Similarity Search for Large-Scale Feature-Rich Data
Stony Brook University
Content-based similarity search for feature-rich data (such as digital photos,
audio, video, and scientific sensor data) is a difficult problem due to the
high dimensionality and usually massive amounts of data. The main challenge is
to achieve high-quality similarity search with high speed and low space usage.
This talk presents several techniques to address the problem of building
efficient similarity search systems for large-scale feature-rich data. The
first is a sketch construction algorithm for compact metadata representation,
which can typically reduce the metadata size by an order of magnitude with
minimal impact on search quality. The second is a multi-probe locality
sensitive hashing (LSH) technique for indexing high-dimensional data, which
substantially improves upon previous methods in both space and time efficiency.
We have also developed Ferret, a general-purpose toolkit for building
efficient similarity search systems.
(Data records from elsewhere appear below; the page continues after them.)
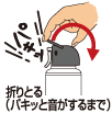 | ● 使用開始時に天面のストッパーを上におこしてパキッと音がするまで後ろの方に曲げて折りとってください。 ● クモの駆除に使用する場合は、直接クモに噴射する。 ● クモに巣を張られたくない場所に、表面が十分濡れる程度噴射する。 ● クモの巣がある場合は、クモの巣を取り除いてから噴射する。 ● クモがいる場合は、クモに向けて直接噴射して退治した後、巣を取り除いて噴射する。 ![]() |
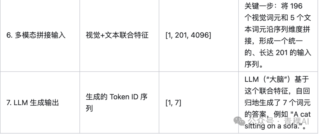 正如表格第 6 步所示,最终送入 LLM 的,是一个全新的、更长的序列。在这个例子中,序列的总长度变成了 196 + 5 = 201。这个序列的前 196 个位置,承载着图像的全部视觉信息;而紧随其后的 5 个位置,则明确了用户的意图和问题。LLM 的自注意力机制将在这个统一的序列上运作,使得文本词元可以“关注”到视觉词元,反之亦然,从而实现了真正意义上的图文理解。
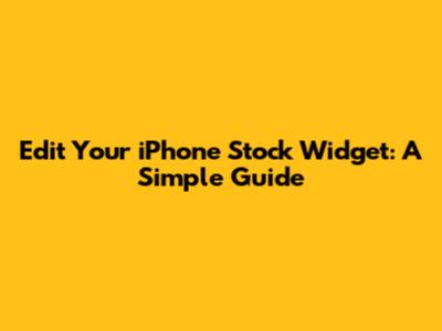 Edit Your IPhone Stock Widget: A Simple Guide
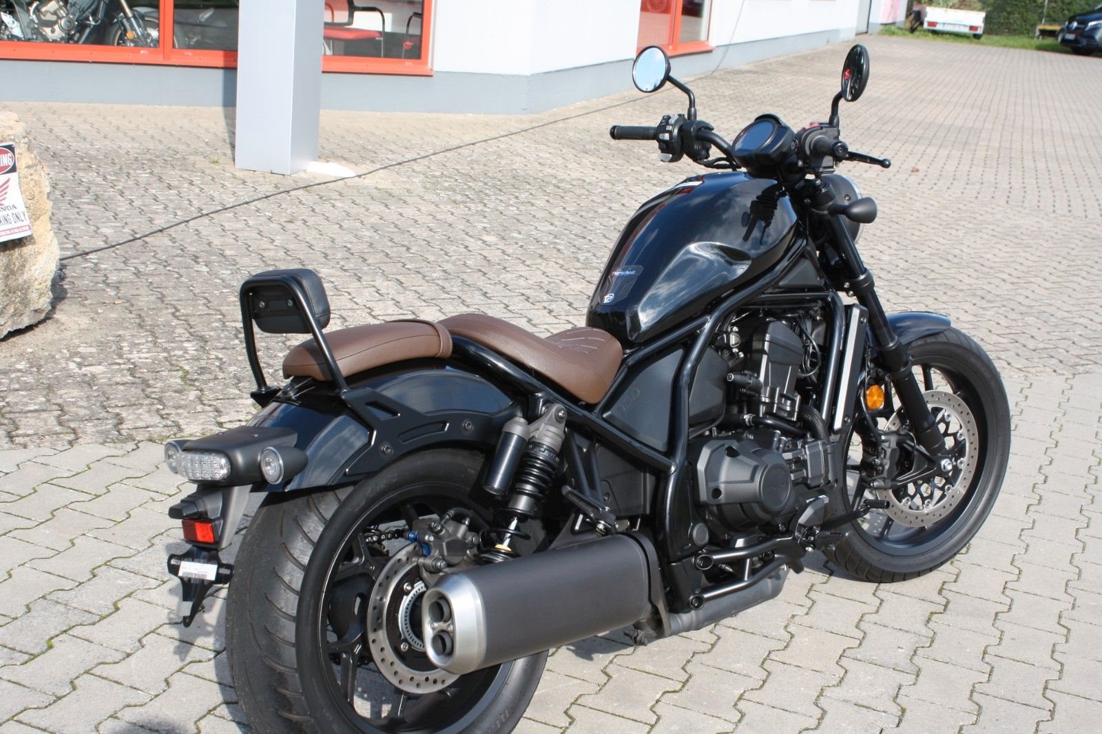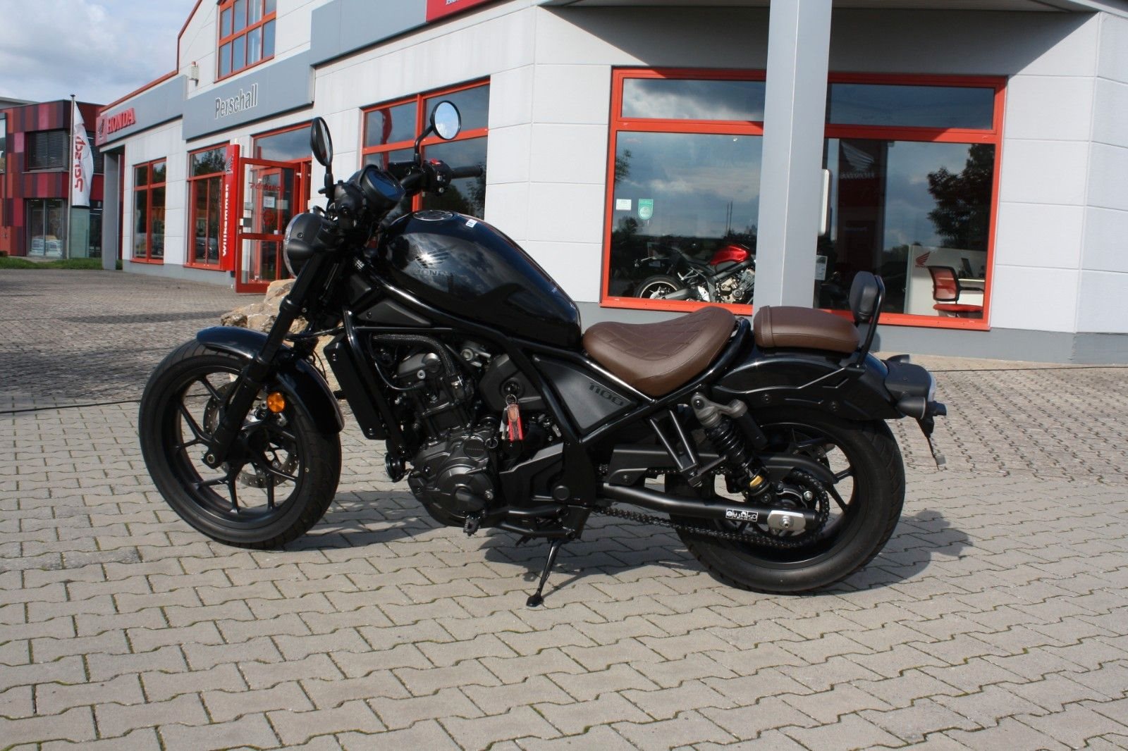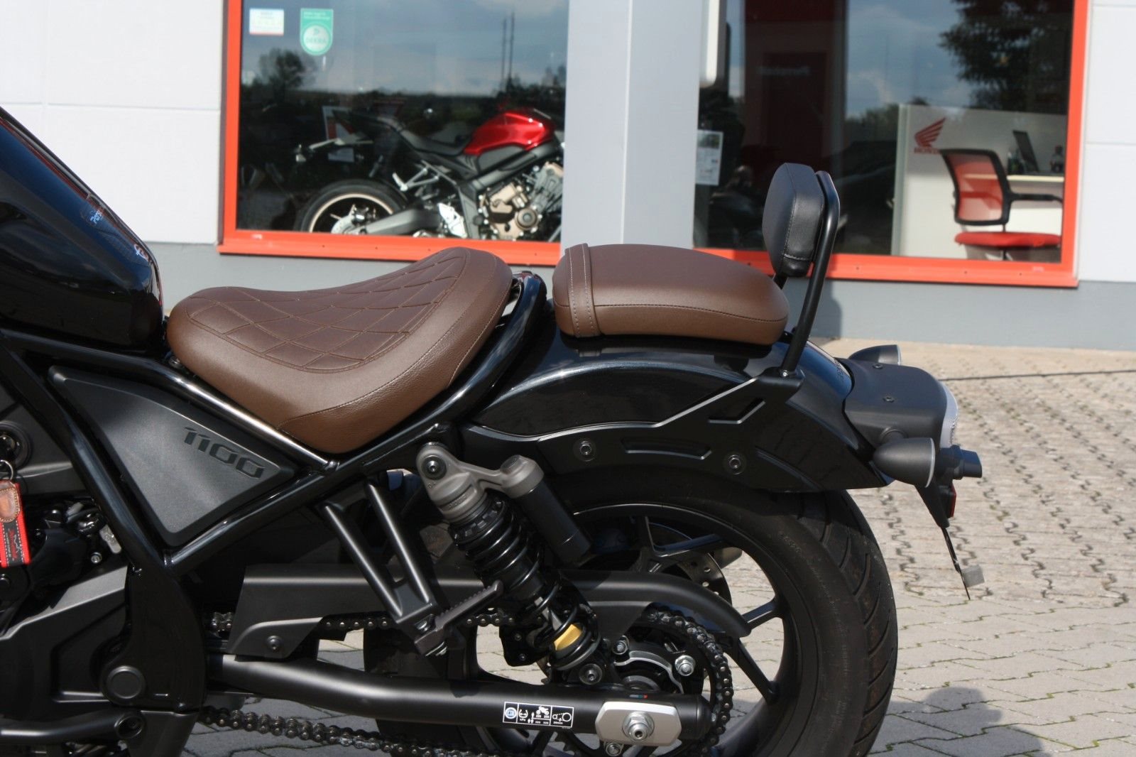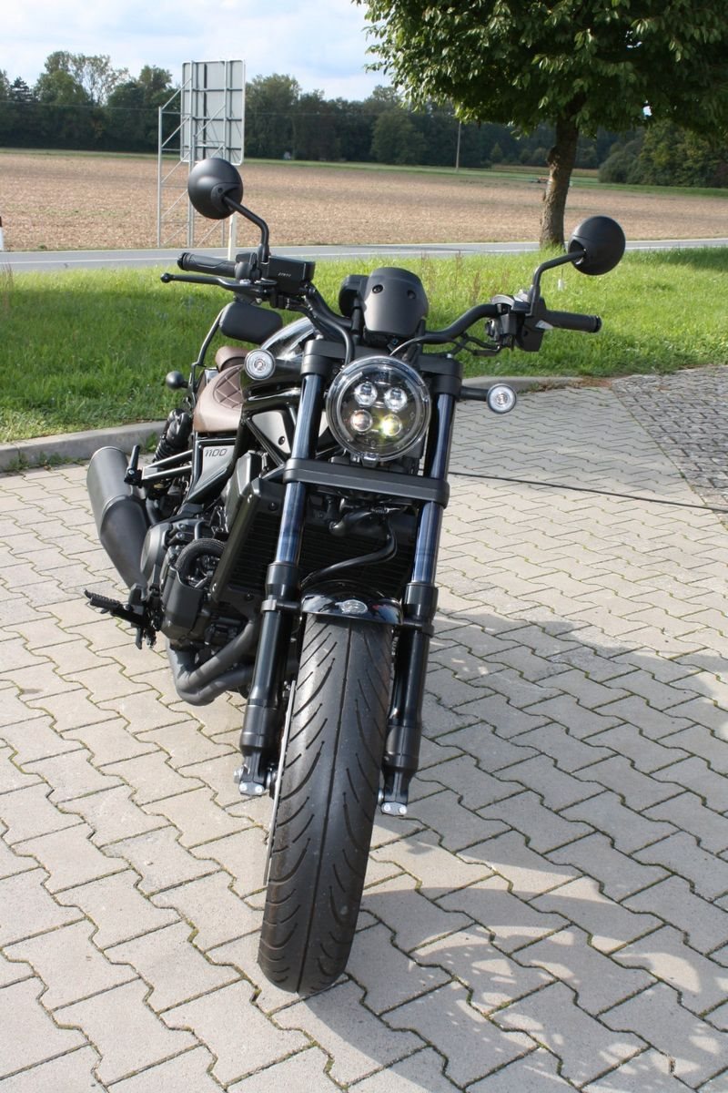 Zum Verkauf steht eine Honda CMX 1100 Rebell mit Doppelkupplungsgetriebe aus dem Jahr 2023 in Schwarz-Metallic. Das Motorrad ist ausgestattet mit der braunen Komfort-Sitzbank aus dem Originalzubehör sowie einer Beifahrerrückenlehne, die zusätzlichen Komfort für längere Fahrten bietet. Die Honda CMX 1100 Rebell verbindet kraftvolle Leistung mit klassischem Chopper-Design - ideal für alle, die ein stylisches und komfortables Bike suchen.
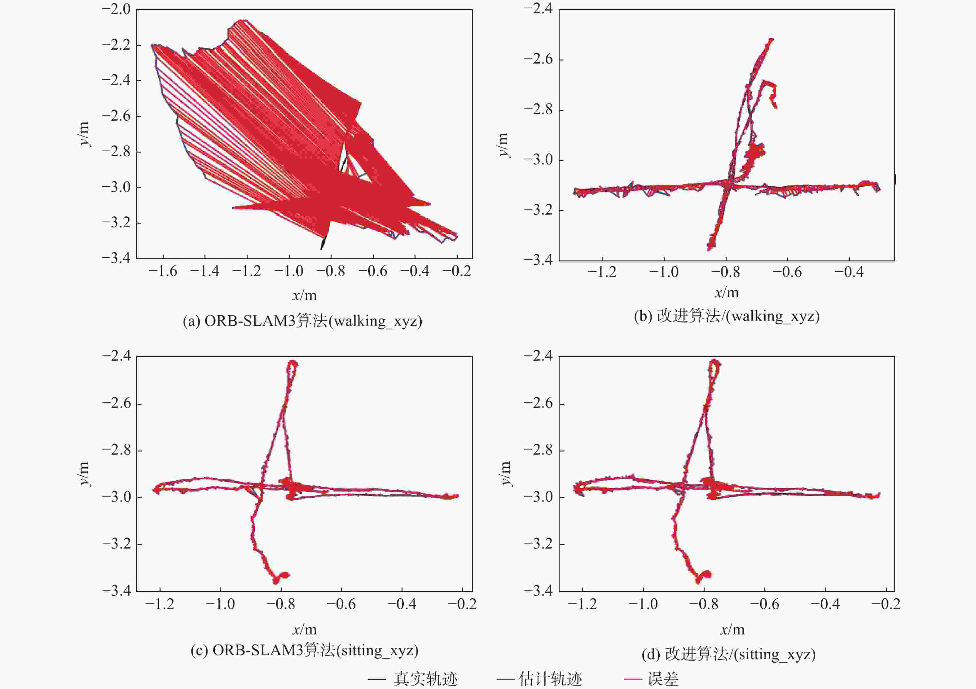 数据集 均方根误差/m 标准偏差/m 每帧耗时/s 策略1 策略2 策略1 策略2 策略1 策略2 sitting_staic 0.007 9 0.010 3 0.004 3 0.006 7 0.081 3 0.063 1 walking_halfsphere 0.019 6 0.020 4 0.009 8 0.010 7 0.078 1 0.066 4 表 4 ORB-SLAM3算法与改进算法的绝对轨迹误差对比分析
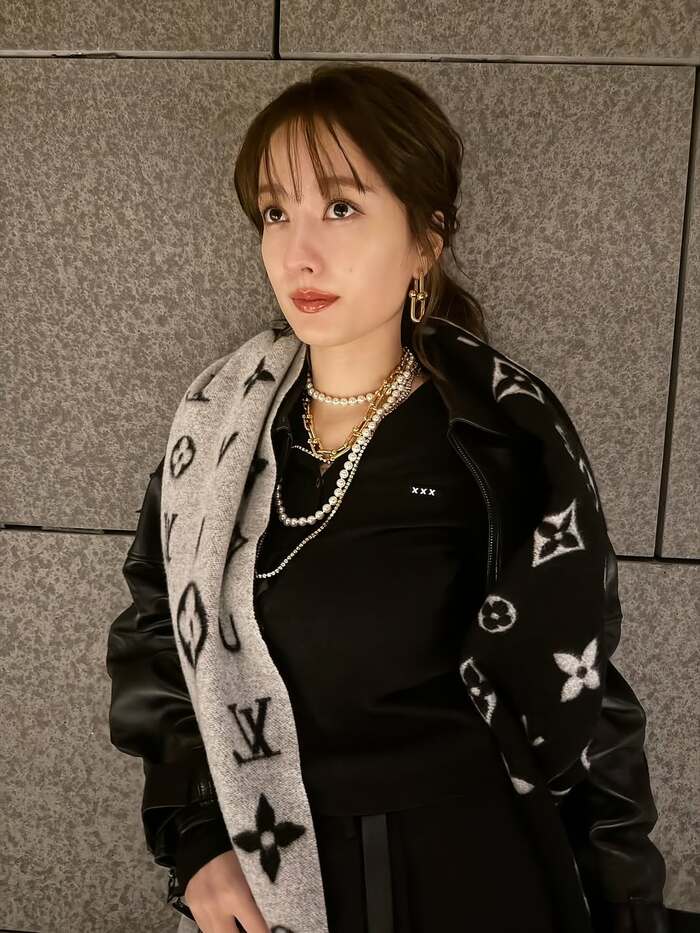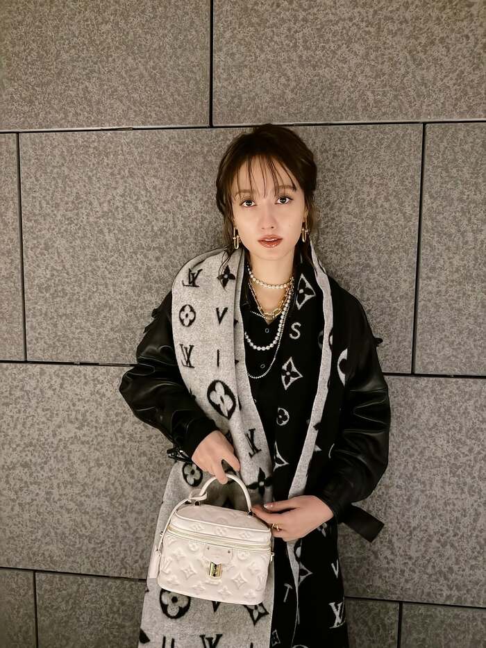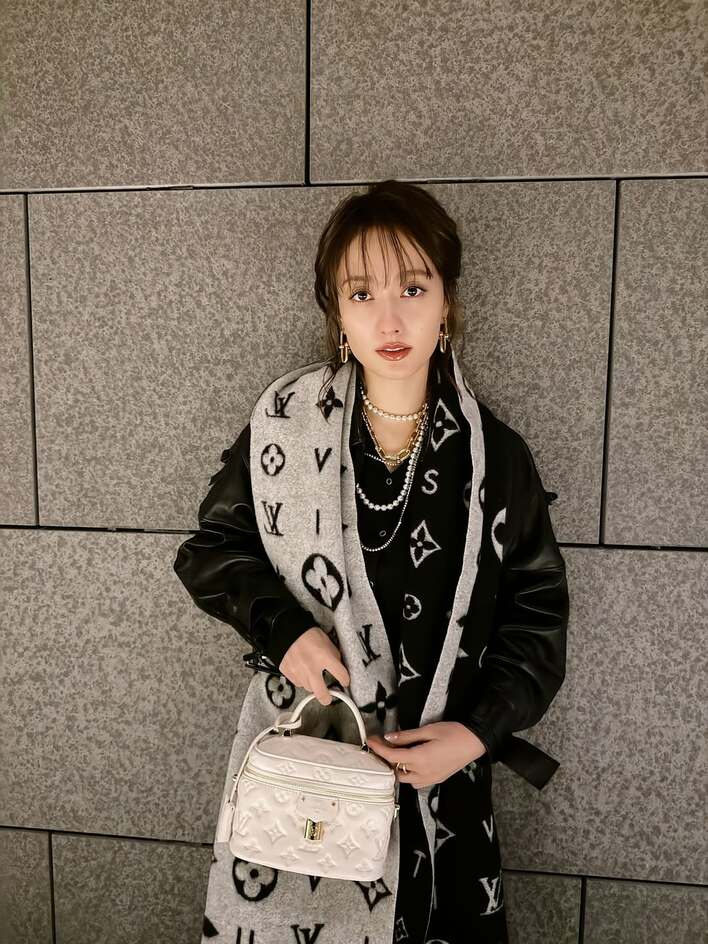 マフラーやバッグなどのアイテムは全てルイ・ヴィトンのもののようで、上品な雰囲気が漂っています。
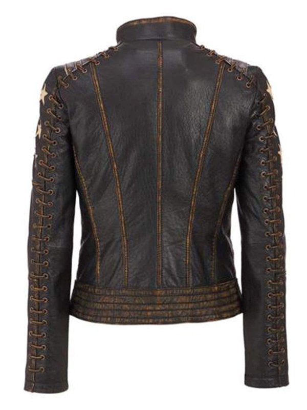 Women’s Star Pattern Vintage Style Distressed Brown Leather Biker Jacket

The Ferret toolkit has been
successfully used to build similarity search systems for digital images, speech
recordings, video, 3D shape models, and microarray gene expression data.
Qin (Christine) Lv
is an Assistant Professor in the Computer Science Department, Stony Brook
University (SUNY). She received her BE degree from Tsinghua University in 2000
and PhD degree in Computer Science from Princeton University in 2006.
Lv's primary research interest is to develop efficient systems for managing and
exploring massive amounts of digital data. Rooted in systems, her research also
interacts with the areas of algorithm design, data mining, machine learning,
and specific application domains such as multimedia, bio-informatics,
healthcare, and scientific computing.